"Though We Shall Afterwards Have Occasion To Investigate This Eastern
Coast Of Africa More Fully, In Editing Particular Voyages To Its Shores,
Some Notices Seem Here To Be Proper[29].
Owing to his keeping at a
distance from, the shore for security, the present voyage gives little
knowledge of the eastern coast of Africa, and it is even difficult to
assign the many stations at which De Gama touched between the Cape of
Good Hope and Mozambique.
We have already noticed the river of Good Signs,
as being probably the northern mouth of the Delta of the Zambeze, now
called _Quilimane_, from a fort of that name on its banks.
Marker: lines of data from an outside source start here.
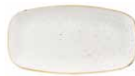
OBLONG PLATE No. 4 SWHSXO141 35.5 x 18.9cm 13 7 / 8 " x 7 3 / 8 " CTN QTY 6 No. 3 SWHSXO111 29.8 x 15.3cm 11 3 / 4 " x 6" CTN QTY 12 No. 2 SWHSXO101 26.9 x 12.7cm 10 1 / 2 " x 5" CTN QTY 12 No. 1 SWHSXO7 1 20 x 12.1cm 7 2 / 5 " x 4 1 / 4 " CTN QTY 12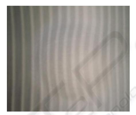
Fig. 4. Cavity image.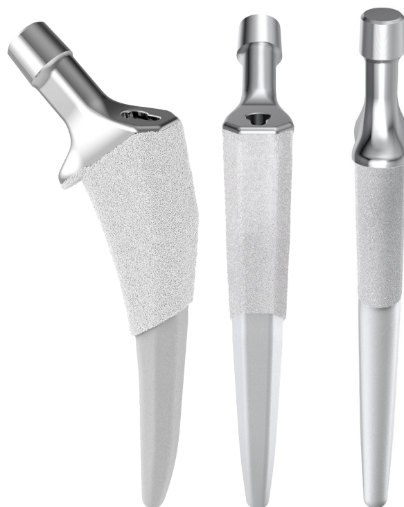
Horizontal plane grows 1 mm in the A/P per size

The ACTIS Total Hip System was designed to increase 1 mm in the anterior/posterior dimension in the horizontal plane consistently between each size stem. Additionally, the anterior/posterior taper of the ACTIS Total Hip System increases 0.25 degrees per size and designed to achieve proper fit across the entire range of stem sizes.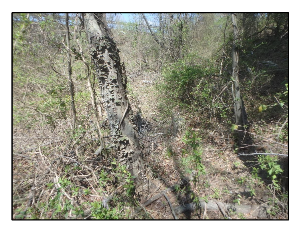
Wetland 3HH – PFO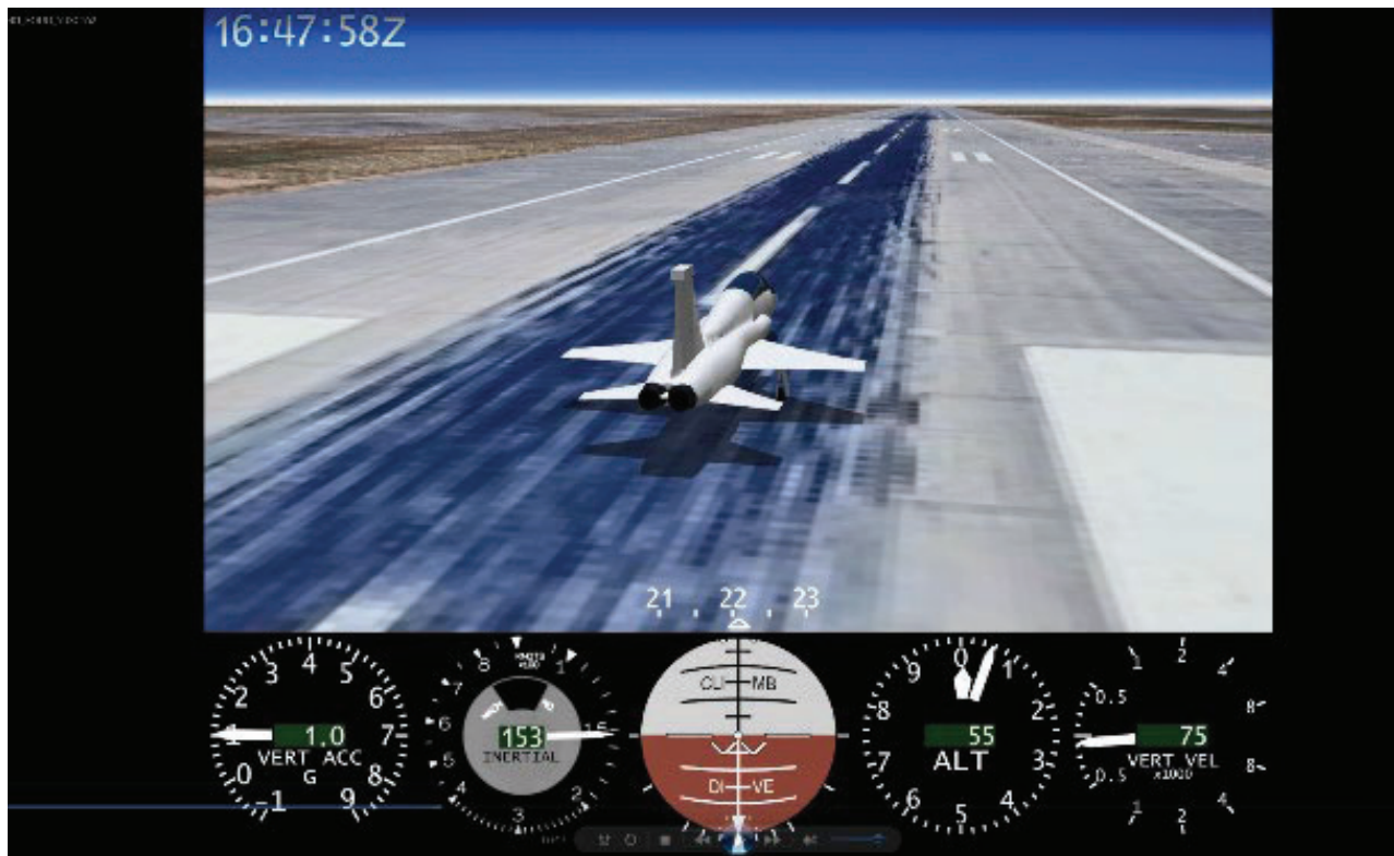
Figure 1: T-38A animation of suspected touchdown point (Tab Z-2)

The MLG touched down at approximately 153 knots and approximately 1,000 feet past the approach end of Runway 22L at 0848L (Tabs V-5.8, Z-2, and AA-6). In accordance with normal procedures, once the MP felt the MLG touch down the MP advanced the throttles to MIL and lowered the nose slightly (Tabs V-5.8 and BB-32). Following initial touchdown, when the MP perceived the MA had begun to climb, the MP raised the landing gear lever (Tab V-5.8 to V-5.9).

The mouth of
this branch runs into the sea in lat. 18 deg. 25' S. In his passage from the
_Terra de Natal_, or Christmas Land, so named from having been discovered
on Christmas day, and named, in this account of De Gamas voyage, _the
Land of Good People_, De Gama missed Cape Corientes, forming the S.W.
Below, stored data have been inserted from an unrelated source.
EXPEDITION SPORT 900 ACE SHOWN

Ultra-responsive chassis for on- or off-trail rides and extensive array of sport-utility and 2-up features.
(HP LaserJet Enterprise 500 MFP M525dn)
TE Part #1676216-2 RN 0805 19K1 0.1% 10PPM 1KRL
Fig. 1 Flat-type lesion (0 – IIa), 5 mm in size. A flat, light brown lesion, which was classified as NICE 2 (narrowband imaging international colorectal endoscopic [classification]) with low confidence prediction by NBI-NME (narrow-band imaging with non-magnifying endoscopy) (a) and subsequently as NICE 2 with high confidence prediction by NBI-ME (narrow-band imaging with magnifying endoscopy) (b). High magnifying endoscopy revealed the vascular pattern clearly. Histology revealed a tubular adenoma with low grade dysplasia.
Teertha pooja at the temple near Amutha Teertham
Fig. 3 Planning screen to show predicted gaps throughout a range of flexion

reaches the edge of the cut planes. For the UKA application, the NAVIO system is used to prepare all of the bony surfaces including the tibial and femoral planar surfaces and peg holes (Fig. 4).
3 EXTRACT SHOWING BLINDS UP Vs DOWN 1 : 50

point of the channel of Mozambique, or _Inner Passage_, as it is now
called, and overshot Sofala, the southern extremity of Covilhams
discoveries, at which he was probably directed to touch, as Covilhams
chart might have been of some use to direct his farther progress to Aden,
and thence to Calicut or Cananor, on the Malabar coast.
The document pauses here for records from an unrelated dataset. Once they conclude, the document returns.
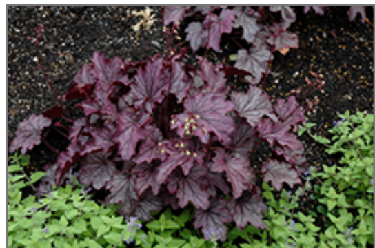
Spellbound Coral Bells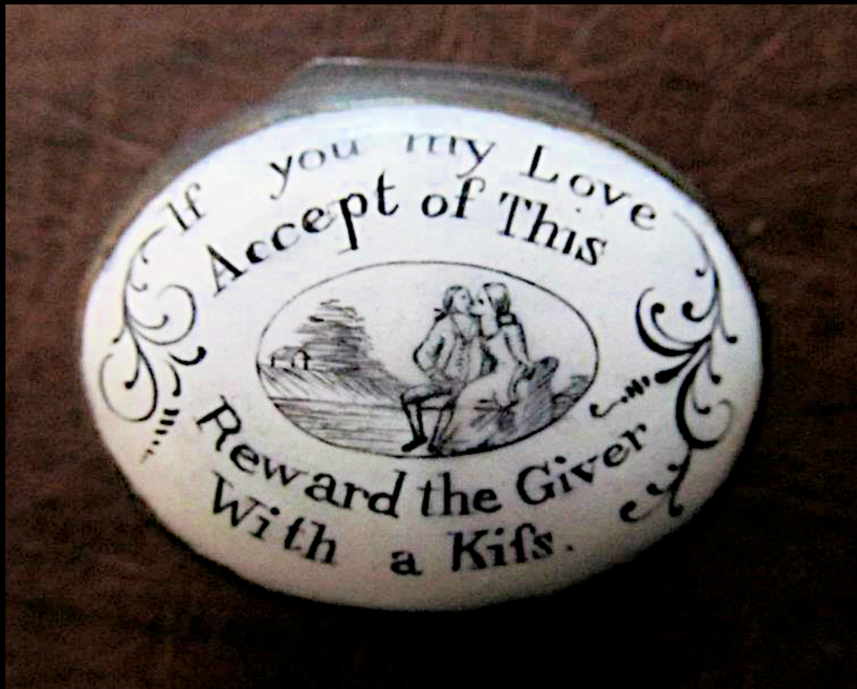
English Enamel Patch Box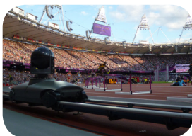
with HD Cineflex V14

Where smaller railcam footprints are required, the MG2 and NTS track (pictured above), combined with our ACS SMARthead™ remote head system provides the perfect solution. Available in sections of 2.4m up to 30m in length, the system is quick to rig and ideal for events where space and audience sight lines are at a premium.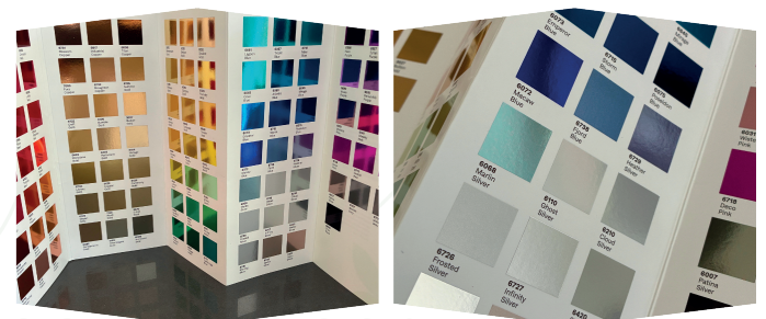
A small selection of the many metallic foils available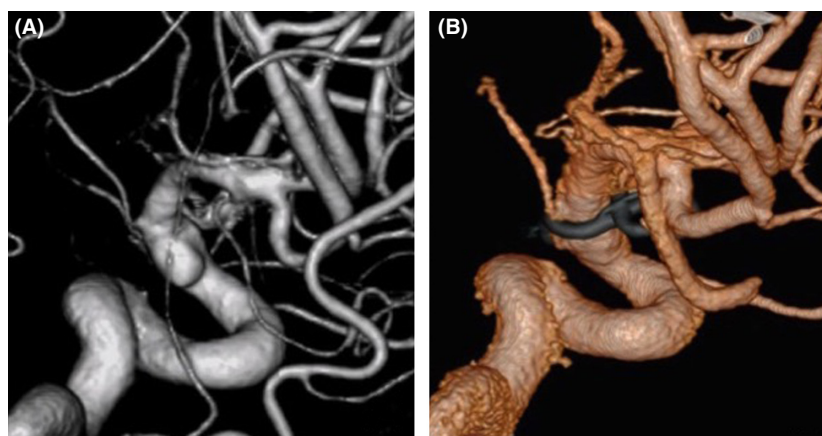
Figure 4. (A) Postoperative angiography revealing a residual of blood blister-like aneurysm (BBA) on the same localization. (B) A year postoperatively, angiography demonstrating the shrinkage of the aneurysm and patency of the internal carotid artery (ICA).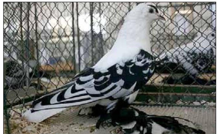
Bohemian Tiger Crested Swallow, Black Rated E-97, Franz Oppl Photo from Zwönitz 2012 by Andreas Reuter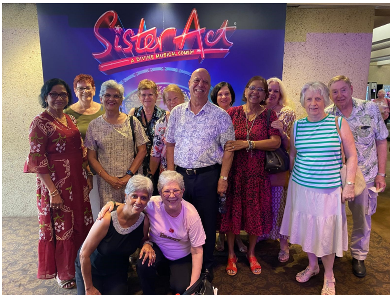
Sister Act attendees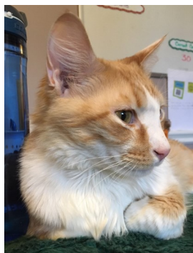
Curley has a great smile!

Tux is a devilishly handsome kitty who is searching for his forever home. His humans will have to be very cat-conscious because Tux is an extra special boy. He's an Alpha Cat, but he loves to nuzzle people, rub their ankles, and he even knows how to sit for treats! But did you know that – like humans – cats can be affected by mental illness? Through no fault of his own, our Tux has some wires crossed in his brain and, as a result, has some anxiety issues. He is being treated with "kitty Prozac" (just a little ointment rubbed in his ears once a day – very easy! ) to help him stay calm. To live his best life, Tux needs a home without small children and a large screened-in patio to watch the birds. If you fit the bill, fill out our adoption application at humanesocietyofwa.org today!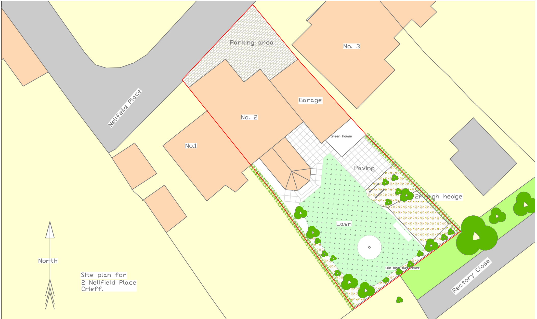
Site plan for 2 Nellfield Place Crieff.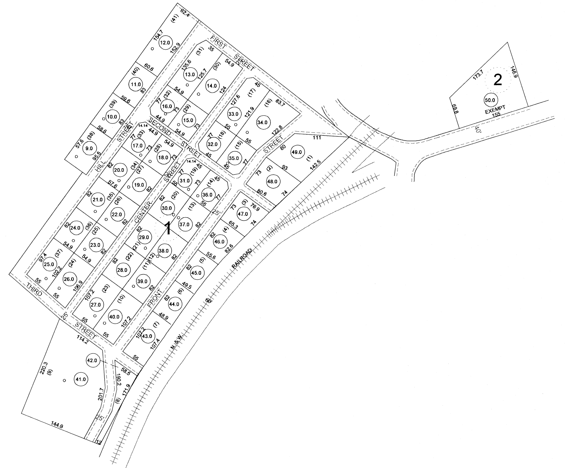
INSERT 2 SCALE: 1"=100'

"The eastern coast of Africa is hitherto very little known to geography,
its trade being entirely confined to the Portuguese, who have
settlements at Sofala, the river Zambeze, Mozambique, Quiloa, and Melinda,
and conceal all the circumstances respecting their foreign possessions
with infinite jealousy. It is said to have once been in contemplation by
the British government, to employ Sir Home Popham to make a survey of
this coast, but this design was never executed. Commodore Blanket
remained on this station for a considerable time, and much information
may be expected from his journal, some drawings of the coast having been
already made for charts, which are preparing, under the orders of the
Admiralty. About the year 1782, a great mass of geographical information
was collected on the continent of Europe and lodged in the British Museum,
from which information may probably be derived respecting this coast,
when that collection shall have been arranged and submitted to the
public. According to D'Apres, all the eastern coast of Africa, for a
great way south of the equinoctial, is lined by a range of islands,
whence shoals extend to the distance of a league. These islets form an
outer shore, with a winding channel within, and are in some places a
league from the coast of the continent, though very apt to be mistaken
for the real coast. Within this range the boats or almadias of the
country ply backwards and forwards in great safety, in the intervening
channel.
"Ptolemy places the _Prasum promontorium_, or Green Cape, the extreme
southern boundary of ancient knowledge of the east coast of Africa, in
lat. 15" 30' S. and the Portuguese universally assume Mozambique as
Prasum, by which classical name it is distinguished in the Lusiad of
Camoens, in reference to the voyage of De Gama, and the near coincidence
of situation gives great probability to this supposition.